Unfortunately, there just isn't a concise, usable alternative. Code with existing error paths are fine, but otherwise a debug-only assertion crash is probably the best alternative. (In fact, that's probably what I would do in most of those cases, anyhow).

One example (but not the only example) are AST matchers: the macro matchers are basically painted into an API corner, so an assertion really seems like the best option. I could probably add DEBUG() checks, but at least they can explicitly clamp to false in a release build.

Class constructors are another (plentiful) example: if there's a reasonable way to defer errors, I can do that now; but in many cases there isn't, so signalling the failure *somehow* -- even if it's only with debug assertions -- seems strictly superior.

rsmith edited edge metadata.Jan 23 2017, 3:53 PM

Generally the new interface makes sense to me, but deliberately ignoring the error to provoke an assertion seems a bit subtle.

lib/IR/AutoUpgrade.cpp
98–103

Rather than adding this comment in various places, what do you think about also adding a static Regex Regex::compileKnownValid(StringRef) that encapsulates the compile + assert-if-not-valid logic?

chandlerc added inline comments.
include/llvm/Support/YAMLTraits.h
433–436

No need for braces IMO.

437–438

In addition to what Richard said, I would also try to use a pattern that ends up working more like:

if (auto MyMatcher = Regex::compile(...))
  return MyMatcher->match(...);
else
  llvm_unreachable("boom");

This will give us nice assert like behavior in assert builds and will actually kill the other edge in optimized builds.

lib/IR/DiagnosticInfo.cpp
45–54

Do you mind reflowing all of this to use early return so that there are less braces and indentation?

dlj updated this revision to Diff 87922.Feb 9 2017, 5:13 PM
  • Add comments for unhandled errors that will assert-fail, and augment error handling in LinePrinter.
  • Added compileKnownGood, plus examples of llvm_unreachable approach.
  • Minor style fixes.
dlj updated this revision to Diff 87923.Feb 9 2017, 5:15 PM
  • Style nits.
dlj marked an inline comment as done.Feb 9 2017, 5:15 PM
dlj added inline comments.
lib/IR/DiagnosticInfo.cpp
45–54

Better?

chandlerc added inline comments.Feb 9 2017, 5:31 PM
include/llvm/Support/YAMLTraits.h
437–438

I would just re-use compileKnownValid everywhere instead of having to inline the llvm_unreachable.

Haven't made it all the way through, but I think it would be helpful to apply some of the comments so far across all the changes here.

lib/Passes/PassBuilder.cpp
140–142

Is it important to use ExitOnError here?
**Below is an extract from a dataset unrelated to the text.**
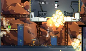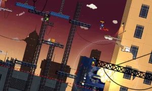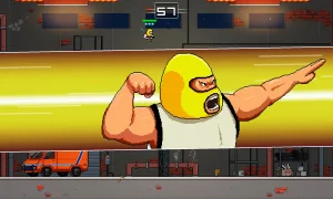 Meet Maurice and El Bruto-twin brothers whose elaborate bank-heist schemes always go sideways when they start bickering. In Super Rocket Shootout you’ll follow their chaotic misadventures in a frantic 2D pixel-art brawler that blends platforming with fighting mechanics, supporting up to four players (local or CPU).

I'm thinkign something like compileKnownValid might be more appropriate.

lib/Support/SpecialCaseList.cpp
127–130

This isn't used any more. I think you can simplify the code a lot by just getting the error, and inverting the condition below.

157

This also seems like it could be compileKnownValid, as you have validated them above.

lib/Target/AArch64/Utils/AArch64BaseInfo.cpp
91–94

compileKnownValid again?

tools/llvm-cov/CodeCoverage.cpp
617–620

I still would prefer early error exiting here so:

auto RegexOrError = ...
if (!RegexORError) {
  ...
  return ...;
}
...
tools/llvm-pdbdump/LinePrinter.h
46–52

Use continue on error to reduce non-error indentation?